That emotionally charged account from Abraham’s life pictures for us how the Lord has provided for us. He provided his only son Jesus to be sacrificed in our place. He provided the Lamb, not just for Abraham, but for the whole world. Jesus is the Lamb of God who takes away the sin of the world.
The disciples knew this. They heard John the Baptist say it as he pointed to Jesus. They had seen how the sacrifice was carried out. They saw Jesus suffering on the cross. They heard Jesus cry out my God, my God, why have you forsaken me. They saw him buried and then they saw him alive again. They knew that God had provided Jesus as the sacrifice that paid for their sins and the sins of the whole world. They were filled with joy and thankfulness for all that God had done for them, and the privilege of being with Jesus during his ministry on earth. But with that privilege came a great responsibility. Jesus had told them that since they had been with him from the beginning, and witnessed everything he said and did, they were the ones who were going to have to tell everyone else, every creature, to the ends of the earth!
Their joy and excitement must have been mixed with fear and uncertainty. They knew what Jesus was asking of them. They wanted to do it, but how? They weren’t rich. They weren’t practiced public speakers. They weren’t well-known celebrities. How could they reach all of Jerusalem, much less Judea and Samaria and the ends of the earth?
Maybe you can identify with them. Maybe you attended a mission festival, or a LWMS convention, or you read an especially good devotion about sharing the Gospel. You were filled with joy and excitement over what God has done for you and that he has provided eternal salvation for free to the whole world. You want to do everything you can to share that good news! But then the excitement wears off and reality sets in and you begin to feel fear and uncertainty. You want to get the good news of the gospel out to everyone, but how? You aren’t rich. You aren’t a public speaker. Even if you could rent a stadium like Billy Graham, who would come to hear you, you aren’t a celebrity? You’ve been thinking about talking to your neighbor about Jesus, but you haven’t even done that, much less done much to share Jesus with the whole world.
It’s so easy for us to get down and discouraged and just throw up our hands and say, “I can’t do it Lord.” But usually the reason we get discouraged is that we are too focused on ourselves and all the things we think might happen, like Peter walking on the water. As long as he focused on Jesus he walked. As soon as his focus turned to the wind and the waves he sank. We need to stay focused on Jesus and his promise that he will provide what we need to proclaim his gospel both near and far.

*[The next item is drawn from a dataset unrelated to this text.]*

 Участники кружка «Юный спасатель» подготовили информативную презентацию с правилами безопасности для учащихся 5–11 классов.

The disciples were doing what Jesus had told them to do. After his ascension they were to wait in Jerusalem until he gave them the gift he had promised. His timing for giving that gift was perfect. There were godly Jewish men from every nation under heaven living in Jerusalem. People from all around the Mediterranean Sea, from Rome to Egypt, and from as far east as Persia had come to celebrate the Old Testament Feast of Pentecost, which was a festival of thanksgiving to God for the harvest. When the disciples were together in one place Jesus sent them the gift he had promised. He sent them the Holy Spirit. But that’s not all. He didn’t do it quietly. He sent the Spirit in connection with the sound of a violent wind. It’s interesting that the Hebrew word for Spirit can also mean breath or wind. When people heard the sound, they gathered around the place where the disciples were. And the Spirit made it easy to identify the disciples so that they could ask them what was going on. Something that looked like fire was resting on the head of each of the disciples. “There’s something different about those guys with the tongues of fire on their head, maybe they can tells us what’s going on?” When they asked the disciples what was happening, the disciples answered each person in their own birth language as they told them that the promises of Scripture were being fulfilled; that Jesus is the Messiah who died and rose again to be their savior from sin. They proclaimed to them the wonders of God, the wonder that instead of punishing us for our sins he punished Jesus in our place.

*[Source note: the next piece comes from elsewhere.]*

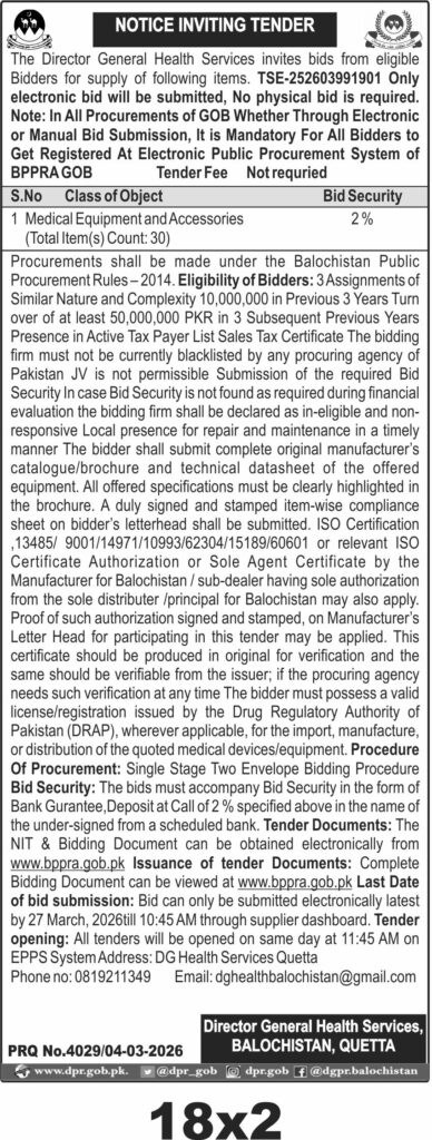 The submission deadline is set for 27 March 2026 at 10:45 AM, with electronic bids only accepted through the supplier dashboard. Tender opening will occur the same day at 11:45 AM at the DG Health Services office in Quetta. Tender documents are available online at www.bppra.gob.pk.

What seemed to amaze the crowd as much as the sound of the violent wind and the tongues of fire was that all these men who were speaking were Galileans. Then how is it that each of us hears them speaking in his own native language? Galileans were not known for being learned people. None of these men had ever gone to high school, much less college. They were not international businessmen. How could they be conversant in so many different languages?
The sound of the violent wind, the tongues of fire and the ability to speak in many different languages, were all signs from God given to assure those who heard the disciples that everything they were saying to them was true and trustworthy. When they told them that they were responsible for killing the Messiah, but that God raised him from the dead, that Jesus was delivered over to death for their sins and raised to life for their justification, the miracles they were seeing confirmed for them that this message was from God.
Think also about what these things meant for the disciples and what they mean for us. It’s another example of God keeping his promise to provide his people with what they need. He provides for our physical needs richly and daily. He provides for our spiritual needs richly and daily through opportunities to hear and read his word and to receive the sacrament to assure us that our sins are forgiven. He wanted his disciples to share the good news of salvation with every nation. Pentecost offered a perfect opportunity to begin to do just that. And the Lord provided the disciples with exactly what they needed to do it. He presented them with a large crowd of people and then enabled them to communicate the law and the gospel to them clearly. In the future, when they were faced with opportunities to witness about Jesus, they could look back to Pentecost and say, “Look how the Lord provided what we needed to witness to others on that day. Surely he will provide us what we need to witness for this opportunity also.”
You probably have not been given the gift of speaking in a language you never learned so that you could share the gospel with someone. I know I haven’t been given that gift, even when I have had the opportunity to talk about Jesus with Hispanics, or Koreans, or Chinese. But, in the case of those who spoke Spanish, God provided materials that were in both English and Spanish. In the case of Koreans, or Chinese, God granted that they knew enough English to understand what I was telling them about Jesus. As he did on Pentecost, God is brining people from many nations, who need to hear about Jesus, right to our own cities and neighborhoods. International students are coming to our schools and colleges. But the opportunities we have to share the law and the gospel with others usually doesn’t require the ability to speak another language. They simply require a heart that is filled with joy and thankfulness for our own salvation, a heart that is filled with enough love for our neighbor that we want them to be saved too, and confident trust that the Lord will send us the Holy Spirit to give us whatever we need to make use of the many opportunities he brings to us to witness.
All of us can remember times when we have failed to trust that the Lord would provide us with what we needed to witness in a certain situation. As we confess those sins and see our forgiveness in Jesus, we will be moved to trust him to provide what we need in the future.
Search the Scriptures so that you continue to grow in the joy of your salvation. Pray daily that the Lord would provide you with opportunities to share the joy of salvation with those who don’t know him. Trust that he will provide whatever gifts you need to make use of those opportunities when they come.
The Lord will provide. He provided a lamb for Abraham to sacrifice instead of Isaac. He provided his son to be sacrificed in our place to pay for our sins and the sins of the whole world. He provided the disciples the gifts that they needed to proclaim the law and the gospel on the day of Pentecost. Trust that he will provide you with whatever gifts you need to proclaim the law and the gospel to others when he gives you the opportunity to do so.